Work instructions — Take the lines from the one containing "واضافت السيدة الاولي" through the final line below and restate them exactly. Omit the pictures.

Supplied entries —
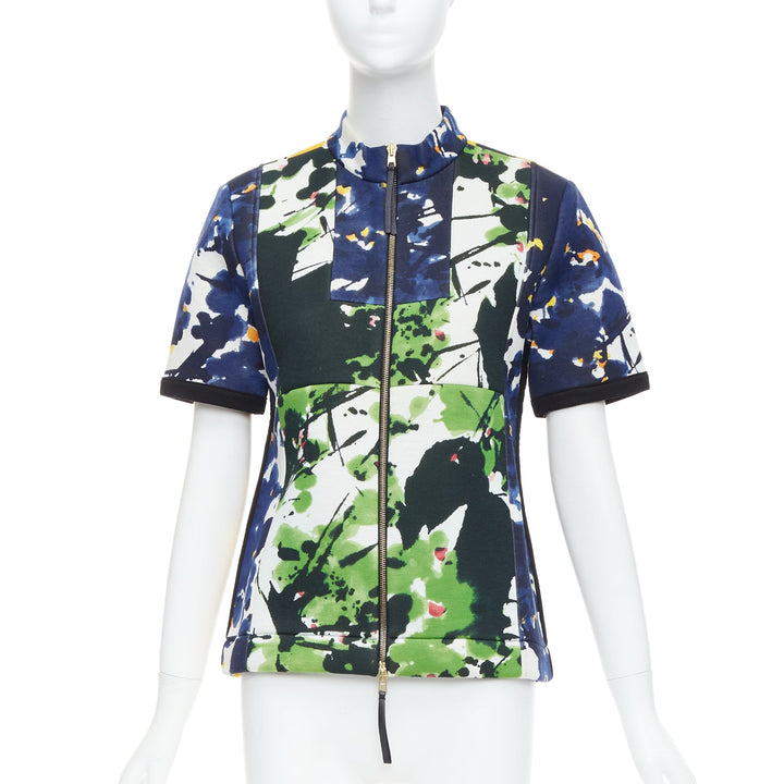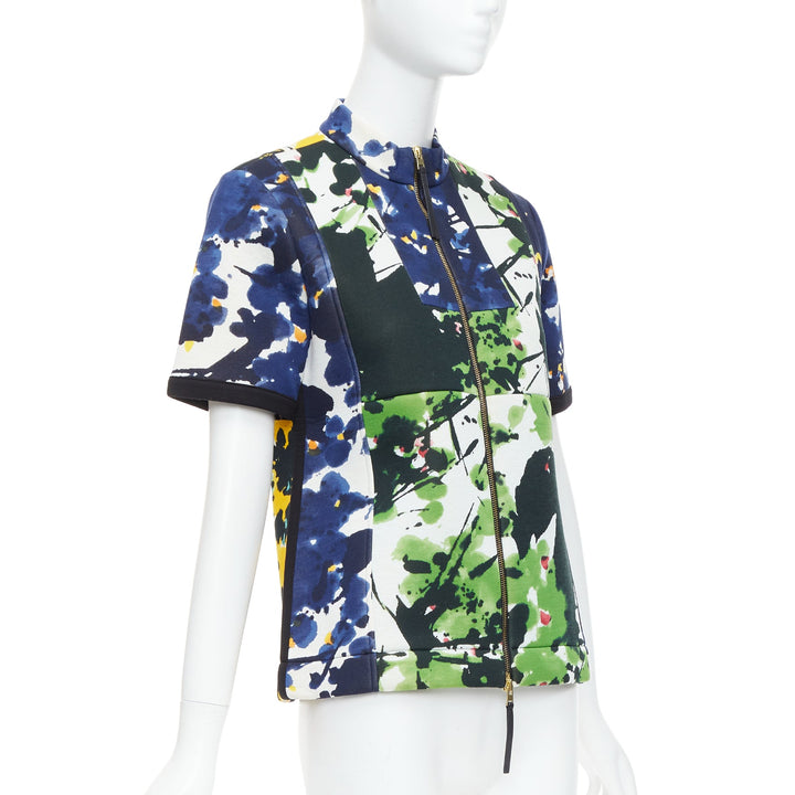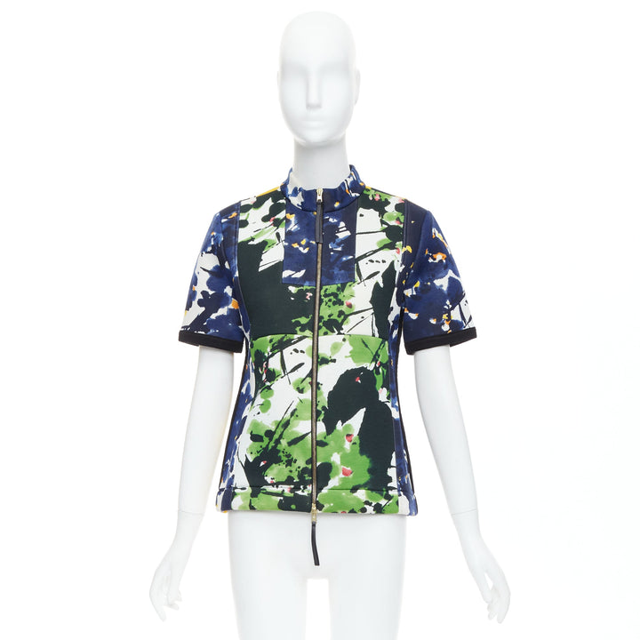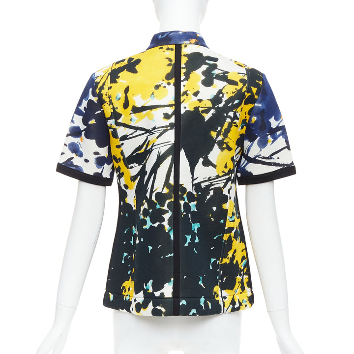 MARNI multicolor paint print scuba leather zip short sleeve coat IT42 M
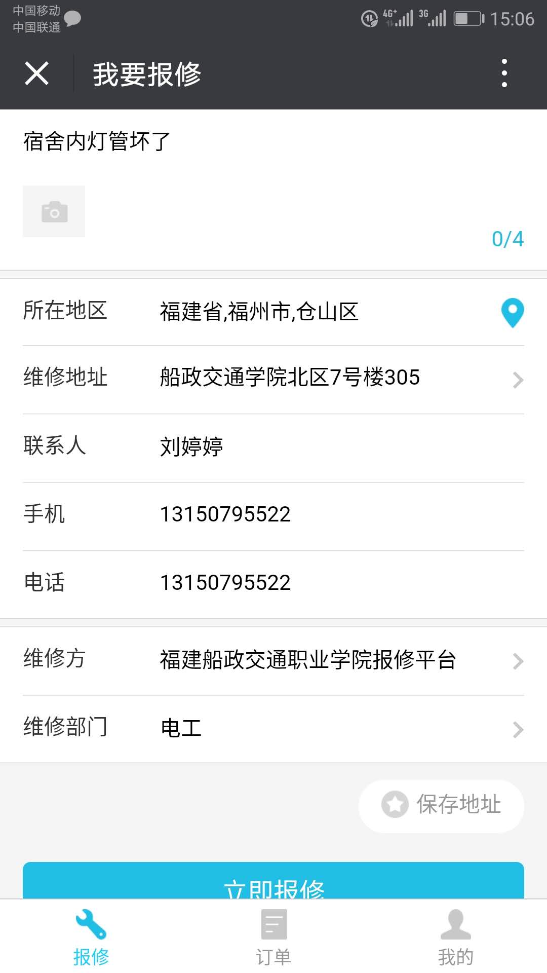 2、进入报修页面,填写报修内容后点击立即报修。(如图)
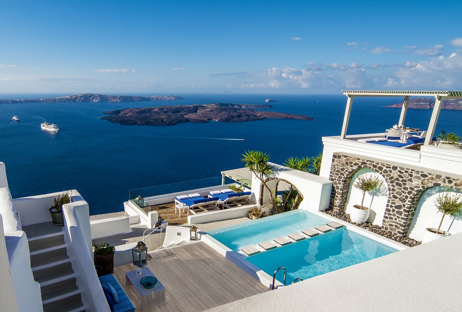 In addition, guests have access to a fitness and massage facility with its own grotto pool, swimming pool including a jetted seating area and a traditional Greek taverna with sky-box views of the caldera. The concierge staff contacts guests ahead of their arrival to plan the stay and provide bespoke assistance to ensure a seamless experience.
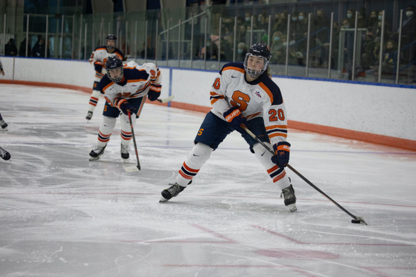 Madison Primeau scored on Syracuse's second attempt in the shootout period to defeat Holy Cross. Trent Kaplan | Staff Photographer
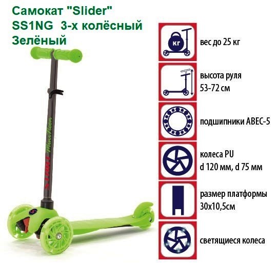 Slider SS1N – трехколесный самокат, предназначенный для детей от 3 до 5 лет. Модель оснащена регулируемым по высоте рулем Т-образной формы, что позволяет подстраивать самокат под рост ребенка. Среди преимуществ Slider SS1N можно отметить легкую раму, широкую подножку с нескользящим покрытием и светящиеся колеса!
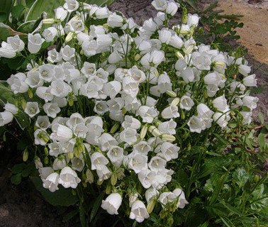 Колокольчик ложечницелистный Alba - миниатюрный белый колокольчик. Не очень крупные пониклые махровые, белые цветки появляются в начале июня, и уже через неделю ярко-зеленый ковер буквально тонет в их изобилии. Волна массового цветения медленно отступает только через полтора – два месяца, но отдельные цветки можно видеть и поздней осенью. Разрастаясь, куст образует коврик высотой 5-10 см.
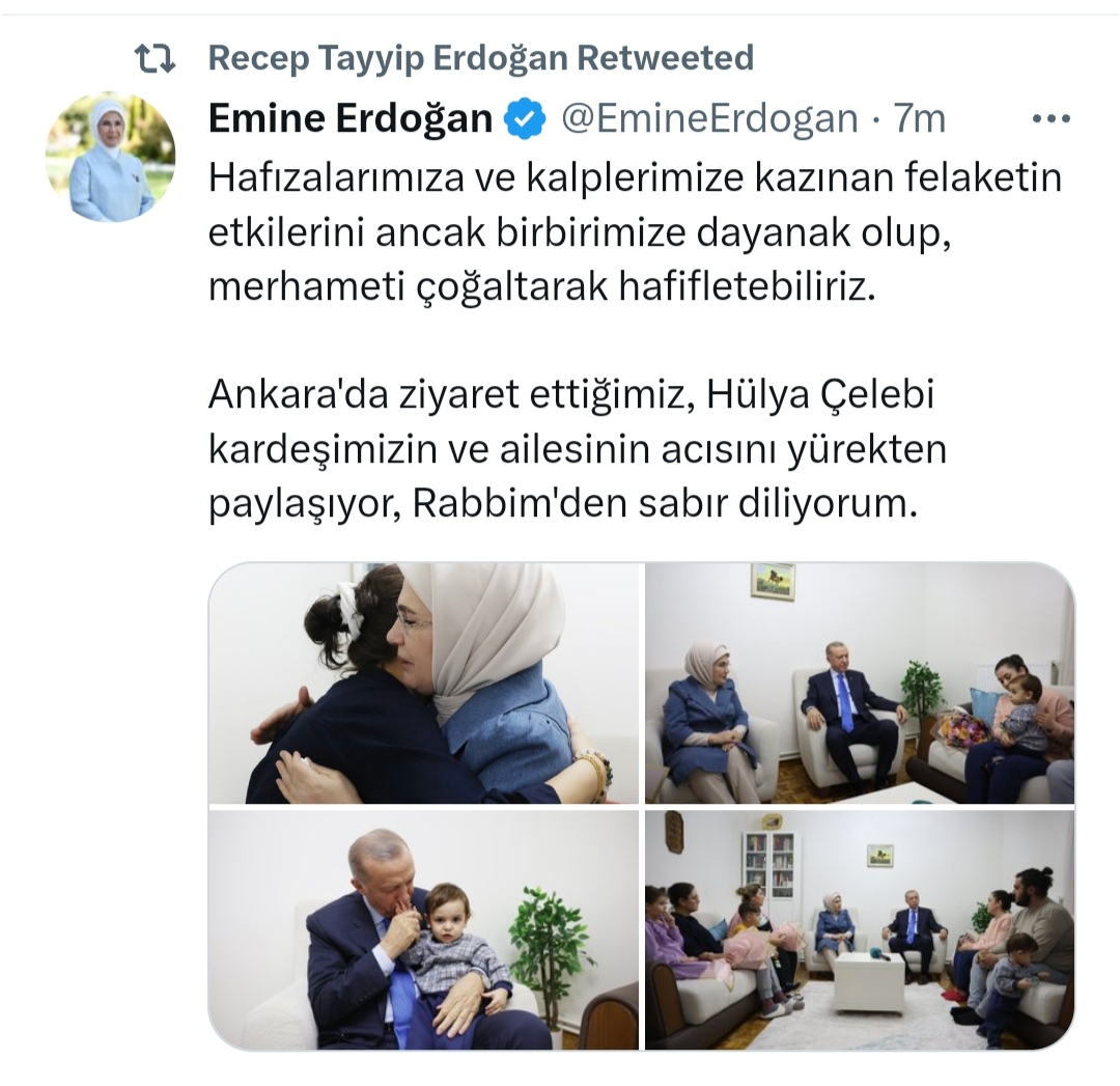 واضافت السيدة الاولي لتركيا:" أشارك من صميم قلب أخينا هوليا جلبي الذي قمنا بزيارته في أنقرة وعائلته ، وأطلب من ربي الصبر".
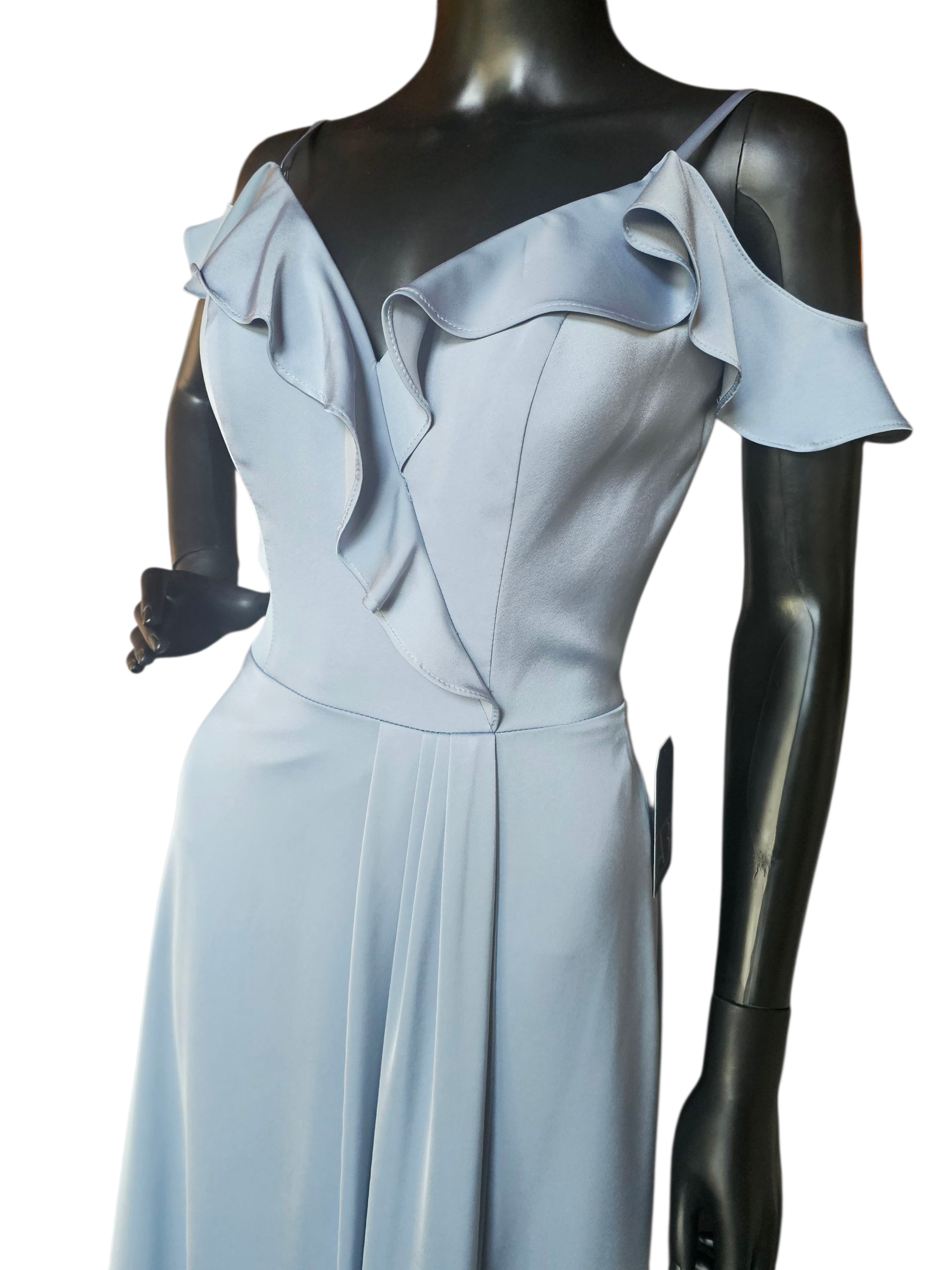 Dusty Blue Soft Satin Flutter Sleeve Full Length Formal Dress - Da Vinci

Result —
 واضافت السيدة الاولي لتركيا:" أشارك من صميم قلب أخينا هوليا جلبي الذي قمنا بزيارته في أنقرة وعائلته ، وأطلب من ربي الصبر".
 Dusty Blue Soft Satin Flutter Sleeve Full Length Formal Dress - Da Vinci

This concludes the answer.